Closed
Description
It seems that test_weighted_vs_repeated in sklearn/cluster/tests/test_k_means.py sometimes fails on AppVeyor.
See https://ci.appveyor.com/project/raghavrv/scikit-learn/build/1.0.10154
https://ci.appveyor.com/project/sklearn-ci/scikit-learn/build/1.0.22983
def test_weighted_vs_repeated():
# a sample weight of N should yield the same result as an N-fold
# repetition of the sample
sample_weight = np.random.randint(1, 5, size=n_samples)
X_repeat = np.repeat(X, sample_weight, axis=0)

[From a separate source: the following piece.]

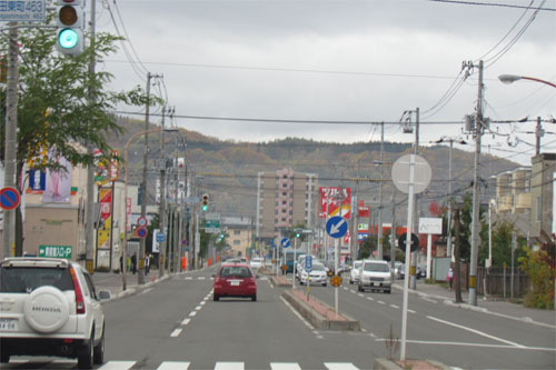 とん田通り、北見中央病院側から南大通り交差点方向

estimators = [KMeans(init="k-means++", n_clusters=n_clusters,
random_state=42),
KMeans(init="random", n_clusters=n_clusters,
random_state=42),
KMeans(init=centers.copy(), n_clusters=n_clusters,
random_state=42),
MiniBatchKMeans(n_clusters=n_clusters, batch_size=10,
random_state=42)]
for estimator in estimators:
est_weighted = clone(estimator).fit(X, sample_weight=sample_weight)
est_repeated = clone(estimator).fit(X_repeat)
repeated_labels = np.repeat(est_weighted.labels_, sample_weight)
assert_almost_equal(v_measure_score(est_repeated.labels_,
> repeated_labels), 1.0)
E AssertionError:
E Arrays are not almost equal to 7 decimals
E ACTUAL: 0.95215689354371202
E DESIRED: 1.0
Using a fixed random state (for sample_weight
I guess?) might be a solution, but if we can figure out the reason, that's definitely better.
ping @jnhansen for possible insight.